The hash source is as follows

export function hash(o) {
  switch (typeof o) {
    case "boolean":
      // The hash values for built-in constants are a 1 value for each 5-byte
      // shift region expect for the first, which encodes the value. This
      // reduces the odds of a hash collision for these common values.
      return o ? 0x42108421 : 0x42108420;
    case "number":
      return hashNumber(o);
    case "string":
      return o.length  STRING_HASH_CACHE_MIN_STRLEN
        ? cachedHashString(o)
        : hashString(o);
    case "object":
    case "function":
      if (o === null) {
        return 0x42108422;
      }
      if (typeof o.hashCode === "function") {
        // Drop any high bits from accidentally long hash codes.
        return smi(o.hashCode(o));
      }
      if(o.valueOf ! == defaultValueOf typeof o.valueOf === "function") {
        o = o.valueOf(o);
      }
      return hashJSObj(o);
    case "undefined":
      return 0x42108423;
    default:
      if (typeof o.toString === "function") {
        return hashString(o.toString());
      }
      throw new Error("Value type " + typeof o + " cannot be hashed."); }}Copy the code

Take a chestnut

map.get("R")

  1. Hash the key to get the binary01010010
  2. Take 2 bits from back to front as the index to get the node at the next level
  3. Repeat 2 until the key storage location is found

Some friends might ask, why do I hash from back to front?

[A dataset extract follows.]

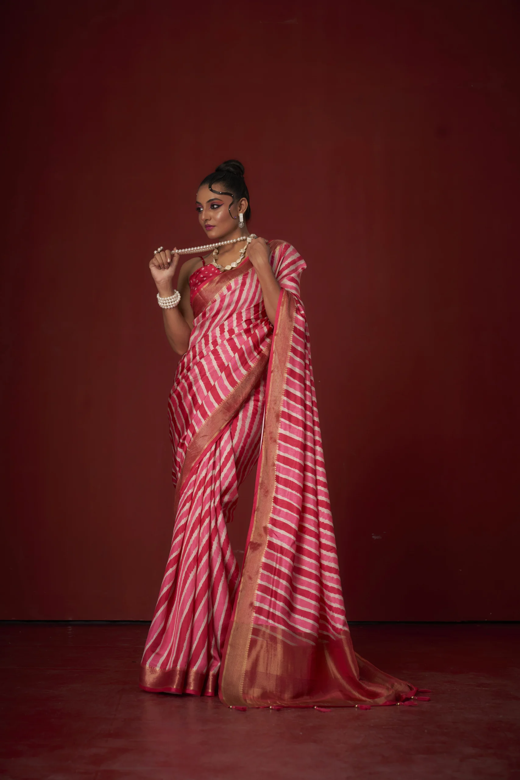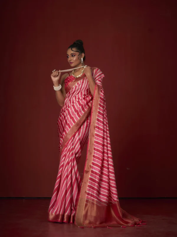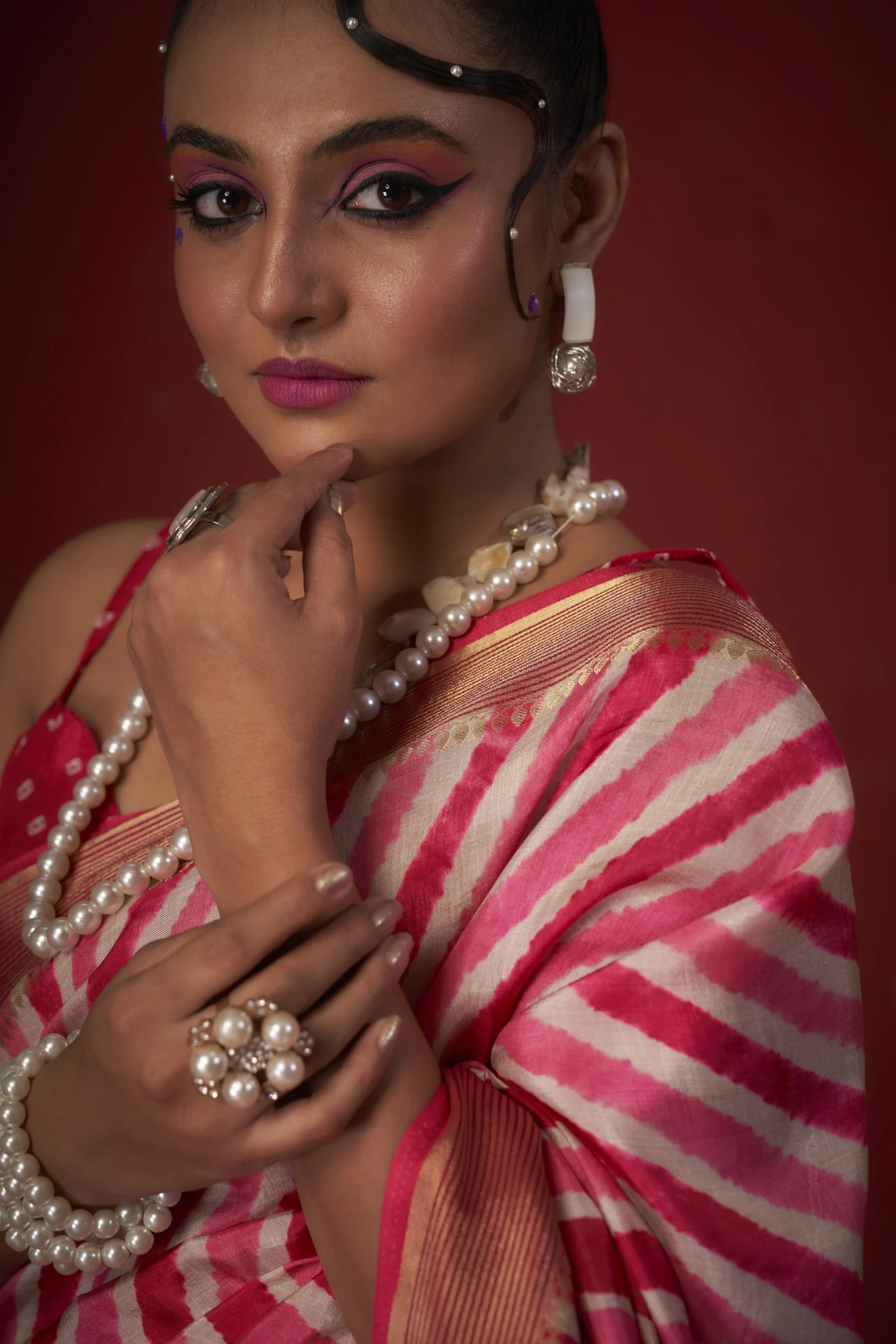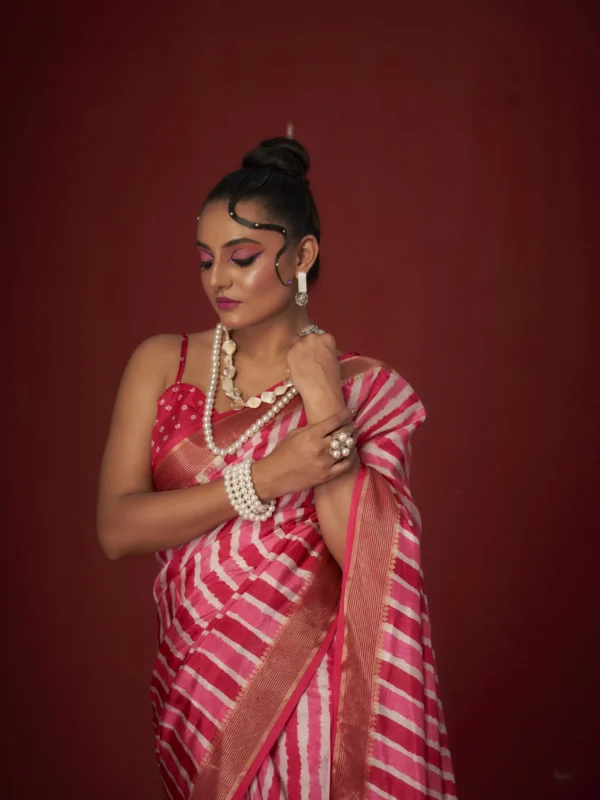 Designed with Shibori-style tie-dye stripes, the saree infuses modern vibrance into classical Indian craft traditions, beautifully blending heritage influences from Pichwai, Patola, Kalamkari, and regional textile art forms. The vivid rani pink palette makes the saree instantly eye-catching, while its rich motifs elevate the silhouette with contemporary finesse.

I can't hash from front to back, because I don't know how many digits to hash, I can only hash from back to front


The end of the

In fact, the core concept of persistent data first appeared in a paper, such as GO language has a similar implementation,Immutable author also self-mockery is copycat, but React with a tiger to add power is also obvious, my level is limited, so this paper does not GO too deep research, such as Sep,Record and other data structures have not been analyzed, errors are unavoidable, please correct.


reference

immutable-js

Functional Go: Implementation of Vector Trie

wiki hash_array_mapped_trie

Understanding Clojure's Persistent Vectors, pt. 2

Use immutable to optimize React

React performance optimizations (1) When PureComponent encounters ImmutableJS

Reconciliation in React detailed explanation

React.js Conf 2015 - Immutable Data and React

What is the advantage of trie tree? What are his weaknesses? What is his efficiency in big O?

Search
About
mo4tech.com (Moment For Technology) is a global community with thousands techies from across the global hang out!Passionate technologists, be it gadget freaks, tech enthusiasts, coders, technopreneurs, or CIOs, you would find them all here.